-- Work task --
Print, exactly as they stand, the lines below from the one that has "小鳥が屋根にとまったおうちの" to the one that has "The ventilated drying", inclusive, leaving out the pictures.

── Data section

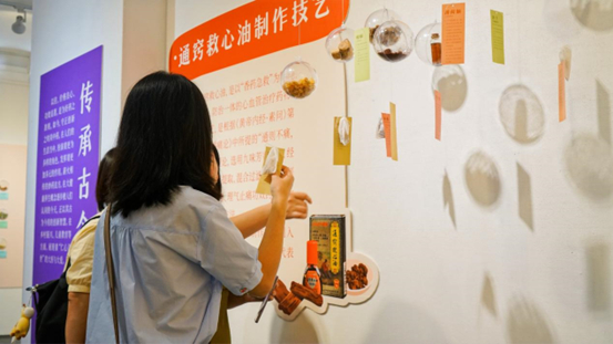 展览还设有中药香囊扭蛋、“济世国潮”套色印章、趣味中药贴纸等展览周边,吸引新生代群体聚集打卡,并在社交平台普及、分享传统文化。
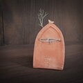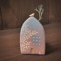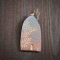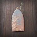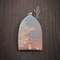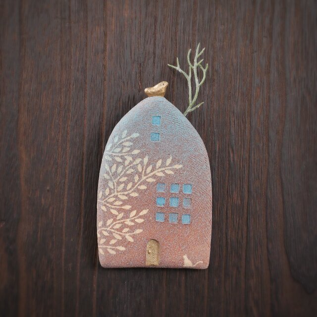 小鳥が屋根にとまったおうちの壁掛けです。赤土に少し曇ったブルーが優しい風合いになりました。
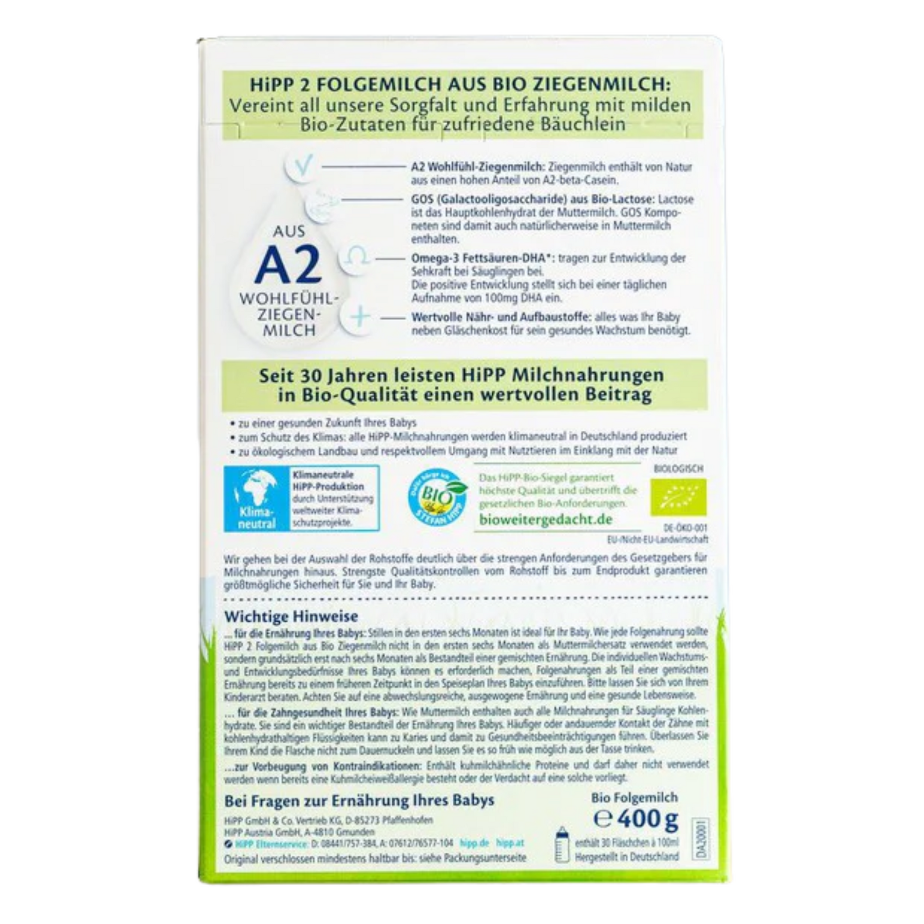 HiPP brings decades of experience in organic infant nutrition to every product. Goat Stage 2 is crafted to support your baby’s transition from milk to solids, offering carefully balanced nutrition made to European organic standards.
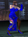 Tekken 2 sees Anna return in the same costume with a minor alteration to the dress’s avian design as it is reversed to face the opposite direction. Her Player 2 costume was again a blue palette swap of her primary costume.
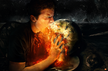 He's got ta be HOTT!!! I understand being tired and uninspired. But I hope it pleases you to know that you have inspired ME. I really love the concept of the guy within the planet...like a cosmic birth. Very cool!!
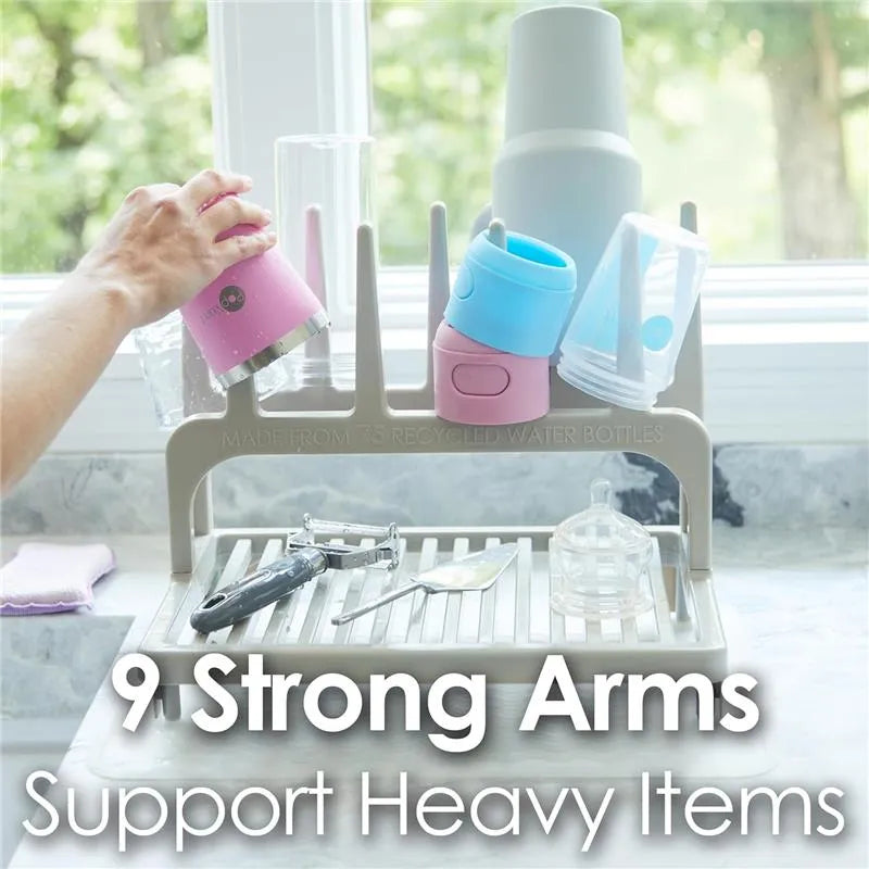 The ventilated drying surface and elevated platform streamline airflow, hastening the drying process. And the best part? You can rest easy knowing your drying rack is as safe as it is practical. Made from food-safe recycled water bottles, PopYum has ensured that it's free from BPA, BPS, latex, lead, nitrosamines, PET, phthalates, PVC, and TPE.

────
── Data section

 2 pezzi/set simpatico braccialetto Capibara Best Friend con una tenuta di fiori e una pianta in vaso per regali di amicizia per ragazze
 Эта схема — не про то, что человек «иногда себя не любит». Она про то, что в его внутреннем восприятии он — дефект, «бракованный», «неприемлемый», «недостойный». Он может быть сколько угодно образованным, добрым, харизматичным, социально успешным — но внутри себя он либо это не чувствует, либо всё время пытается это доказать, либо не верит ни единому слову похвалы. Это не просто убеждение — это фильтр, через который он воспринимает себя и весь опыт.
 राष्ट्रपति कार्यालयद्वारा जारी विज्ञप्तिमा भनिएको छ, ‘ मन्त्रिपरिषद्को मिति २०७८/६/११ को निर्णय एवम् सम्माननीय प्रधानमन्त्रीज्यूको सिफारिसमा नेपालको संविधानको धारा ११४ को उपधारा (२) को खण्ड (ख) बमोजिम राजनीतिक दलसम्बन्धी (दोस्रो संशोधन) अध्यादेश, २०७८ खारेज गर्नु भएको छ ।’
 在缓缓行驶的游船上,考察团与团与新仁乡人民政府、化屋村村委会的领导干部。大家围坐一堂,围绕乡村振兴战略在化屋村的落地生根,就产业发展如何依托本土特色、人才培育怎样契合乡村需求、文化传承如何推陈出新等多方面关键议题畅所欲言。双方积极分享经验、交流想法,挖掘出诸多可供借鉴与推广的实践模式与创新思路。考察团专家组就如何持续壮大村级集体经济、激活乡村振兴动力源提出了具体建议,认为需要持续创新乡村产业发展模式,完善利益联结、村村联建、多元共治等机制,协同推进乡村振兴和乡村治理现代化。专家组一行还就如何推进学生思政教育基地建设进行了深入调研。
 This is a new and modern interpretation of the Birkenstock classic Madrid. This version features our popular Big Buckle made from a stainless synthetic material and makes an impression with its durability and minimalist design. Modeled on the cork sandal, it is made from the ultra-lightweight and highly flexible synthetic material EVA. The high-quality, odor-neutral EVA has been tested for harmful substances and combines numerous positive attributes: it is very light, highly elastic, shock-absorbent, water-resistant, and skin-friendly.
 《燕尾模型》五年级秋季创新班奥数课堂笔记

────

-- Response --
 小鳥が屋根にとまったおうちの壁掛けです。赤土に少し曇ったブルーが優しい風合いになりました。
 HiPP brings decades of experience in organic infant nutrition to every product. Goat Stage 2 is crafted to support your baby’s transition from milk to solids, offering carefully balanced nutrition made to European organic standards.
 Tekken 2 sees Anna return in the same costume with a minor alteration to the dress’s avian design as it is reversed to face the opposite direction. Her Player 2 costume was again a blue palette swap of her primary costume.
 He's got ta be HOTT!!! I understand being tired and uninspired. But I hope it pleases you to know that you have inspired ME. I really love the concept of the guy within the planet...like a cosmic birth. Very cool!!
 The ventilated drying surface and elevated platform streamline airflow, hastening the drying process. And the best part? You can rest easy knowing your drying rack is as safe as it is practical. Made from food-safe recycled water bottles, PopYum has ensured that it's free from BPA, BPS, latex, lead, nitrosamines, PET, phthalates, PVC, and TPE.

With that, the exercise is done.